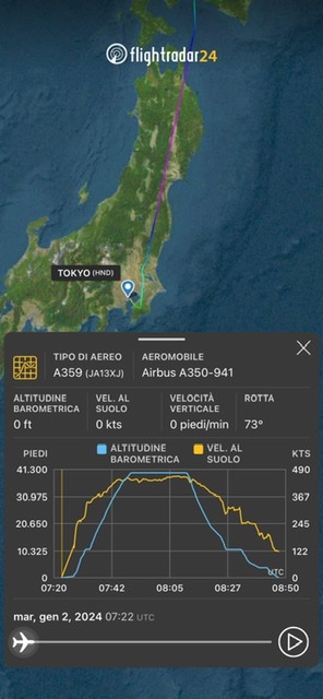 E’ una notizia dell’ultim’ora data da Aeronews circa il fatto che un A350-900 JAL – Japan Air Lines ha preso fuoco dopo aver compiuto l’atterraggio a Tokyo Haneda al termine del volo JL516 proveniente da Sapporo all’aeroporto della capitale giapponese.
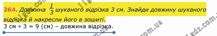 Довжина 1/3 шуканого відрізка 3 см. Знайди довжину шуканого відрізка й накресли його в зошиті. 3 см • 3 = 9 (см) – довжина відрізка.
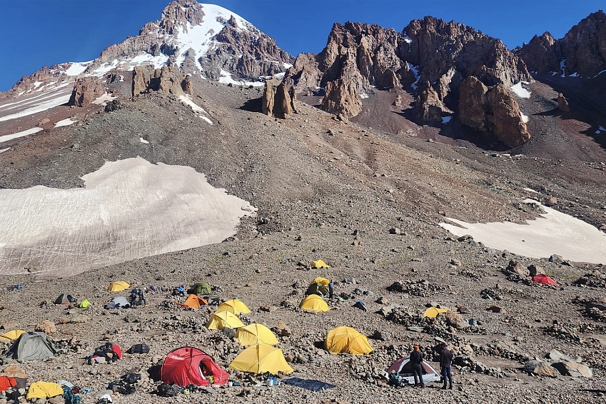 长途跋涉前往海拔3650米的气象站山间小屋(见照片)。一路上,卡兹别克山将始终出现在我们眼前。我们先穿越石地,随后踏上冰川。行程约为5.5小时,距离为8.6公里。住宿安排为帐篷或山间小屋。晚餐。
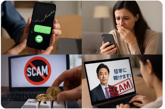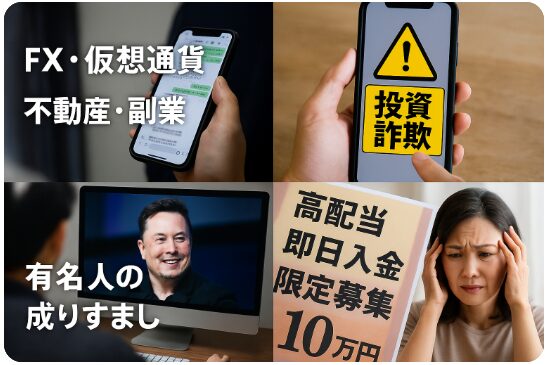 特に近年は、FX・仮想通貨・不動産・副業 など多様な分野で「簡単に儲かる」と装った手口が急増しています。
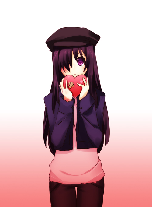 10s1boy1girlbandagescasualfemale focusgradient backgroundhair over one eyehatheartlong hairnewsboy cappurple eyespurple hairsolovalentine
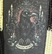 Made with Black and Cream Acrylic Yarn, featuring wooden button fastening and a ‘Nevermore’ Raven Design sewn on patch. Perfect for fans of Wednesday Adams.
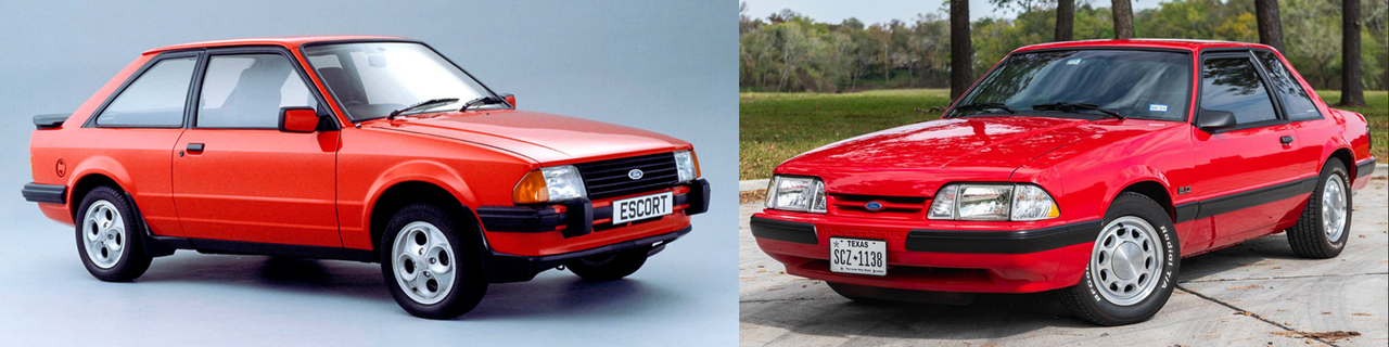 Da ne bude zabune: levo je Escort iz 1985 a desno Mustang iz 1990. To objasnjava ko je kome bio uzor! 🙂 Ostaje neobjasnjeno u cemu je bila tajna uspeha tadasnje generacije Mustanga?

* [Task objective]: Return all the entries word for word, but omit any pictures they contain.

* [Finished task]:
 E’ una notizia dell’ultim’ora data da Aeronews circa il fatto che un A350-900 JAL – Japan Air Lines ha preso fuoco dopo aver compiuto l’atterraggio a Tokyo Haneda al termine del volo JL516 proveniente da Sapporo all’aeroporto della capitale giapponese.
 Довжина 1/3 шуканого відрізка 3 см. Знайди довжину шуканого відрізка й накресли його в зошиті. 3 см • 3 = 9 (см) – довжина відрізка.
 长途跋涉前往海拔3650米的气象站山间小屋(见照片)。一路上,卡兹别克山将始终出现在我们眼前。我们先穿越石地,随后踏上冰川。行程约为5.5小时,距离为8.6公里。住宿安排为帐篷或山间小屋。晚餐。
 特に近年は、FX・仮想通貨・不動産・副業 など多様な分野で「簡単に儲かる」と装った手口が急増しています。
 10s1boy1girlbandagescasualfemale focusgradient backgroundhair over one eyehatheartlong hairnewsboy cappurple eyespurple hairsolovalentine
 Made with Black and Cream Acrylic Yarn, featuring wooden button fastening and a ‘Nevermore’ Raven Design sewn on patch. Perfect for fans of Wednesday Adams.
 Da ne bude zabune: levo je Escort iz 1985 a desno Mustang iz 1990. To objasnjava ko je kome bio uzor! 🙂 Ostaje neobjasnjeno u cemu je bila tajna uspeha tadasnje generacije Mustanga?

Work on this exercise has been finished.